`Pixar's magic man': Fortune on John Lasseter
...[I]n 1980 or 1981, I saw some video of the very beginnings of computer animation, and it was like a revelation. I wasn't really looking for them but just came across some tapes from one of these new computer-graphics conferences. When I saw this stuff I thought, Wow, this is cool. Even though it was just spheres floating around and stuff like that.
Around that time Disney made a deal to do a live-action movie called "Tron," with some computerized special effects. I didn't work on it, but some friends did, and I saw the very first dailies, and what I saw - the potential I saw - blew me away. Walt Disney had always tried to get more dimension in his animation and when I saw these tapes, I thought, This is it! This is what Walt was waiting for! But when I looked around, nobody at the studio at the time was even halfway interested in it.

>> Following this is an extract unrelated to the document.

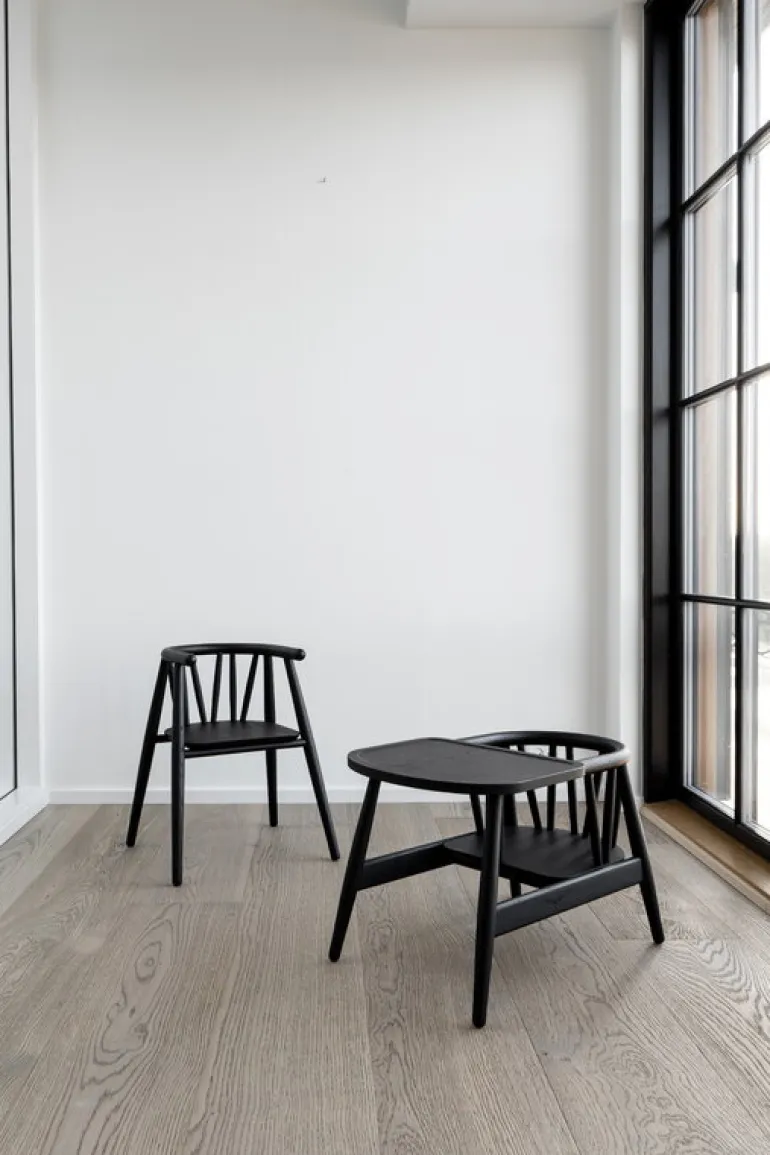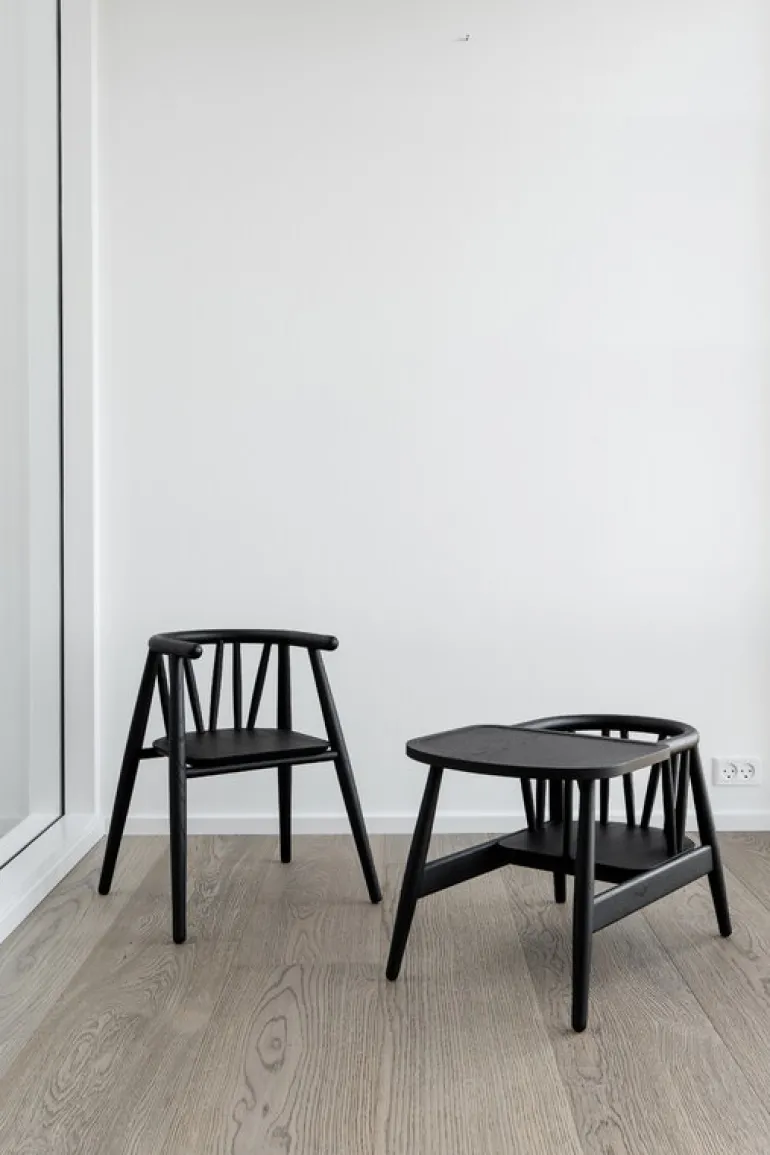 Den här barnstolen i massivt trä är formgiven av Nina Bruun. Den är byggd för att hålla länge – att lämnas vidare från ett syskon till ett annat, från en generation till nästa. Som en extra finess har stolen försetts med en uppsättning mässingsplattor, på vilka man kan gravera in namnen på barnen som har använt stolen eller andra små meddelanden. Stolens mjukt välvda linjer kompletterar perfekt den övergripande designestetiken för hela Oaklings produktfamilj.

Tron was made by a different part of the studio, unrelated to animation. This young live-action executive named Tom Willhite picked me out of the group because I kept talking to him about how we could use this new technology in animation. So he let me and a colleague put together a 30-second test, combining hand-drawn, two-dimensional Disney-style character animation with three-dimensional computer-generated backgrounds.

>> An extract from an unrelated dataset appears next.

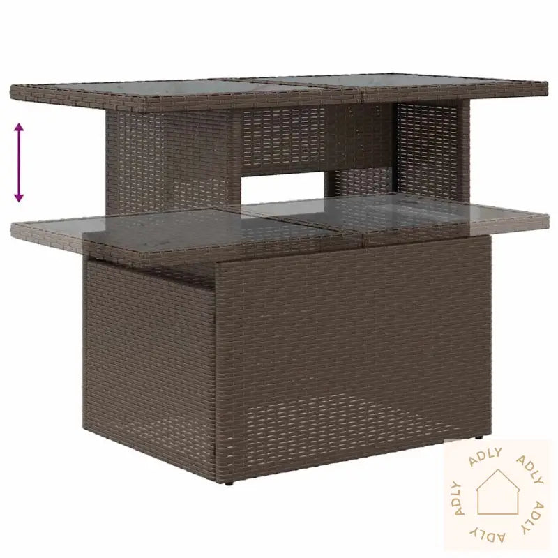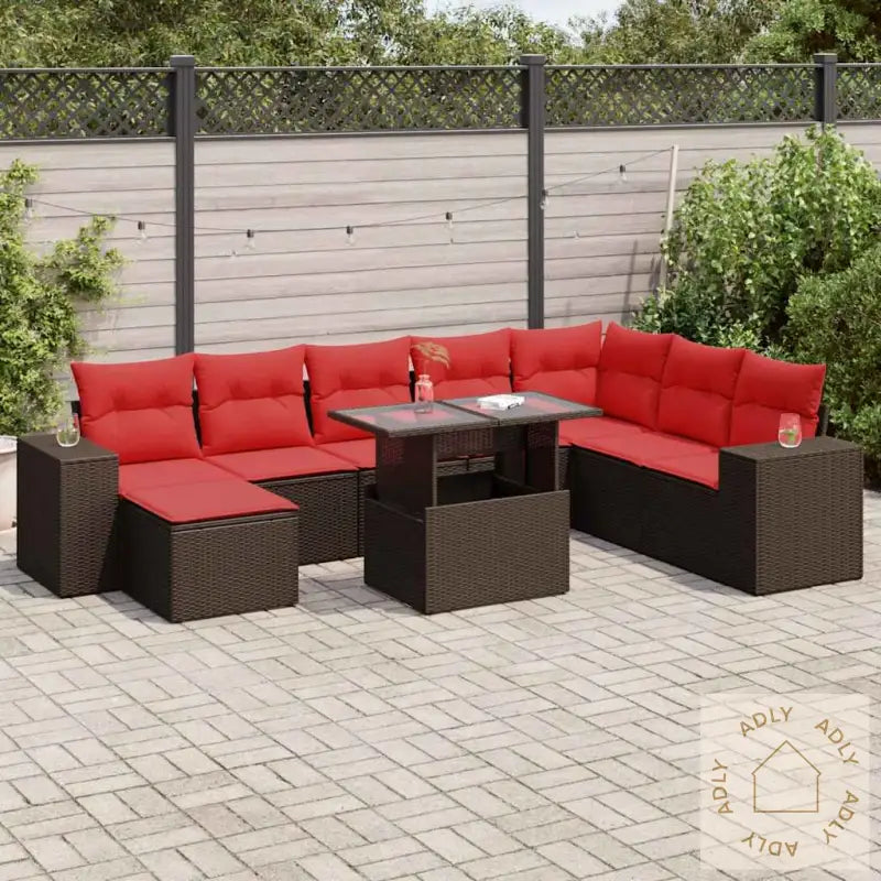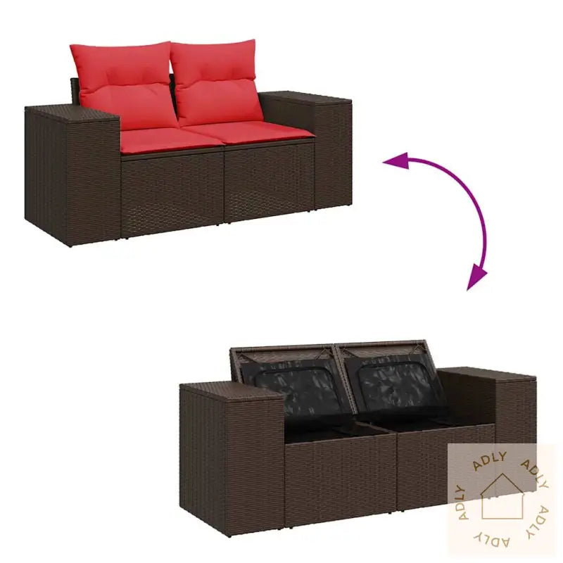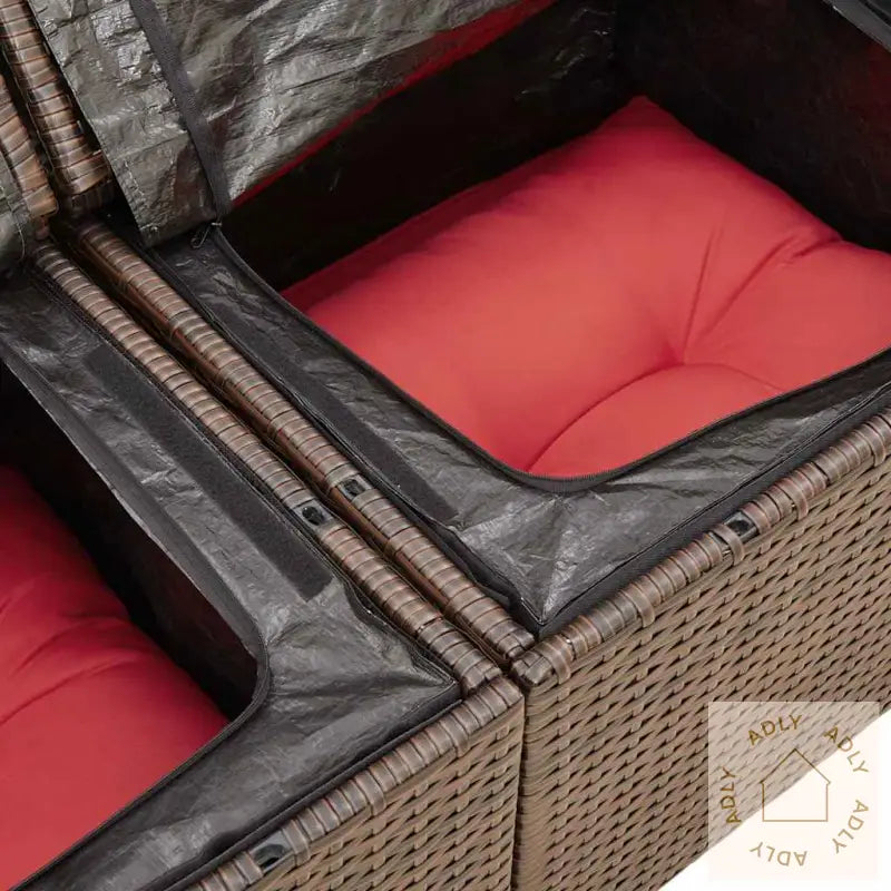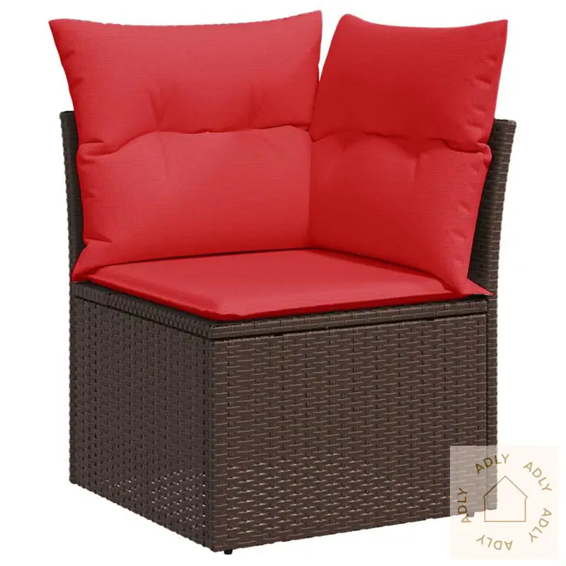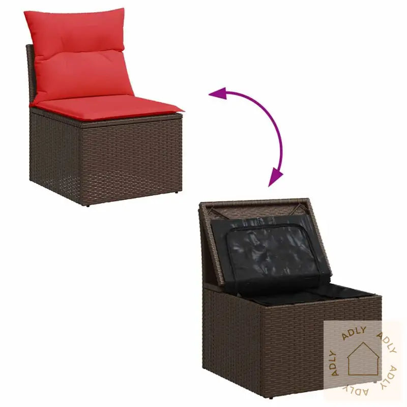 For å bevare utseendet og kvaliteten over tid anbefaler vi å bruke et vanntett trekk når møblene ikke er i bruk.Maksimal lastekapasitet per sete: 110 kgUV-bestandigJusterbare føtter i plast gir stabilitet selv på ujevnt underlagKrever monteringHjørnesete:Farge: brunMaterialer: PE-rotting, pulverlakkert stålMål: 62 x 62 x 69 cm (B x D x H)Mål sete: 55 x 55 cm (B x D)Setehøyde fra bakken uten pute: 37 cmVanntett pose mål: 55 x 53 x 34 cm (L x B x H)Midtsete:Farge: brunMaterialer: PE-rotting, pulverlakkert stålMål: 55 x 62 x 69 cm (B x D x H)Mål sete: 55 x 55 cm (B x D)Setehøyde fra bakken uten pute: 37 cmKrakk:Farge: brunMaterialer: PE-rotting, pulverlakkert stålMål: 55 x 55 x 37 cm (B x D x H)Vanntett pose mål: 55 x 53 x 34 cm (L x B x H)Hjørnesete med rottingarmlener:Farge: brunMaterialer: PE-rotting, pulverlakkert stålMål: 93 x 62 x 69 cm (B x D x H)Mål sete: 55 x 55 cm (B x D)Setehøyde fra bakken uten pute: 37 cmArmlenhøyde fra bakken: 55 cmBredde armlene: 27,5 cmMidtsete:Farge: brunMaterialer: PE-rotting, pulverlakkert stålMål: 55 x 62 x 69 cm (B x D x H)Mål sete: 55 x 55 cm (B x D)Setehøyde fra bakken uten pute: 37 cmVanntett pose mål: 55 x 53 x 34 cm (L x B x H)Pute:Farge: rødMateriale trekk: stoff (100% polyester)Fyll setepute: skumFyllmateriale ryggpute: bomullsfiberMål setepute: 55 x 55 x 3 cm (B x D x T)Mål ryggpute: 55 x 45 x 13 cm (L x B x T)Leveransen inneholder:1 x Hjørnesete med oppbevaring og vanntett bag2 x Hjørnesete med rottingarmlener og vanntett bag6 x Sentersete med oppbevaringsfunksjon og vanntett bag1 x krakk med vanntett pose9 x seteputer med avtagbart og vaskbart trekk7 x ryggputer

I was so excited about the test, and I wanted to find a story that we could apply this technique to in a full-blown movie. A friend of mine had told me about a 40-page novella called "The Brave Little Toaster," by Thomas Disch. I've always loved animating inanimate objects, and this story had a lot of that. Tom Willhite liked the idea, too, and got us the rights to the story so we could pitch it to the animation studio along with our test clip.
When it came time to show the idea, I remember the head of the studio had only one question: "How much is this going to cost?" We said about the same as a regular animated feature. He replied, "I'm only interested in computer animation if it saves money or saves time." We found out later that others had poked holes in my idea before I had even pitched it.
The project was killed and, in 1983, Lasseter was fired ... though he'd return to the company more than two decades later, when Disney acquired Pixar to reinvigorate its animation division.